Jen, my pregnant fiancé, didn't sleep last night. That means I didn't sleep last night. Not that I am complaining, because I love her more than I love my beauty sleep, but still sleep is important. If one doesn't sleep for about 10 days, they could die. But one can live for decades without a fiancé. I might love her more than sleep, but sleep is important. Life and death important. OK, I am complaining.

When I got home at 10 p.m., she decided she wanted to crunch on some potato crisps. It is very difficult to get some potato crisps at that time of the night in the streets of Huruma. But since I am a good guy, I looked and looked until I found some stashed in a dirty corner of a dirty kiosk situated in a dirty corner of a dirty alley.

Then I get home with my trophy in hand and she decides she doesn't want that anymore. She wants to crunch on some stones that pregnant women enjoying eating. How can a human being enjoy eating stones when there is food in the house? Isn't that an insult to hungry people?

So I leave the house, climb down seven floors for the second time that night, in pursuit of stones. Like I haven't spent all day working. But her feet are swollen, her back hurts, her stomach protrudes in front of her like a drum and someone messed with the volume knob of her vocal cords because she keeps yelling all the time. Maybe these stones will turn that volume down so that I can grab some sleep.

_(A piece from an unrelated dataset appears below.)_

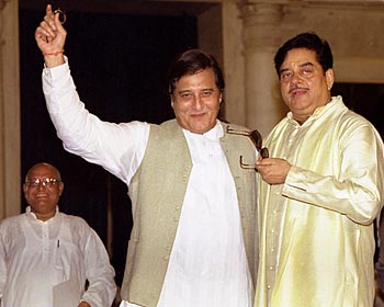 Actors turned Bharatiya Janata Party Members of Parliament Vinod Khanna and Shatrughan Sinha strike a pose after being sworn in as Cabinet ministers at Rashtrapati Bhavan in New Delhi on Monday, July 1.

At this time of night, you can buy fish in the streets. You can buy khat. You can buy liquor. You can buy doughnuts and car spare parts. Heck, you can buy an entire car and if you manage to apply a fresh coat of paint and change its number plates by morning, then that car will truly be yours. You can even buy a plot of land in these streets at this time but do you know what you can't buy? Pregnant women stones. And Jen had specific instructions for me when I left the house. "Don't come back without them!"

So I wake people up. People who might have the information on where these stones can be found. First one says, "Go to Muthurwa. You should find some there." I go to Muthurwa. Every trader has gone home because it is almost midnight and none of them have pregnant fiancés waiting angrily for them home.

So I call someone else who says, "There is a corner in Gikomba. Somewhere under that pine tree near Otiende's Carpentry Shop. You should find the rocks there in plenty. You don't even have to buy them. They grow out of the ground for free. I hope the dogs haven't gone to the toilet on them tonight. Jen wouldn't like that very much." No. Jen wouldn't like stones that dogs have spiced up.

The next person I call explains sleepily, "Make your way to Inyahuru Market. Talks to Sue Kanyariri; You don't know Sue? She has big teeth with big gaps between them... No, that's Sue Kanyambu. Yes! That one! She will tell you where to find the stones... No I don't have her number but just go there. She'll hook you up."

It also takes me a while to realize that my friend calls Kenyatta Market, Inyahuru for reasons only he and the demons that plague his medulla oblongata at night can explain.

When I get back home, it is almost 2 a.m. and Jen is sound asleep. Like the thought of her man digging up every corner of Nairobi for her stones doesn't bother her one bit. As I crawl into bed grudgingly, she groans sleepily and moans, "Did you find the stones?"

"Yes I did."

"I ate the crisps you brought earlier. They were great. Thanks."

"So I figure you don't want the stones anymore?"

"I hate those stones. They make me vomit." I feel like I should find a face to punch. "Hey! Your feet are cold!"

I am so angry that I don't sleep for a while. And it feels like two minutes later when my alarm goes off. Time to go to work again. And the only reason why I spend the day smiling is because on my way out, Jen says to me, "I wouldn't give you up for anything in the world. You're my rock."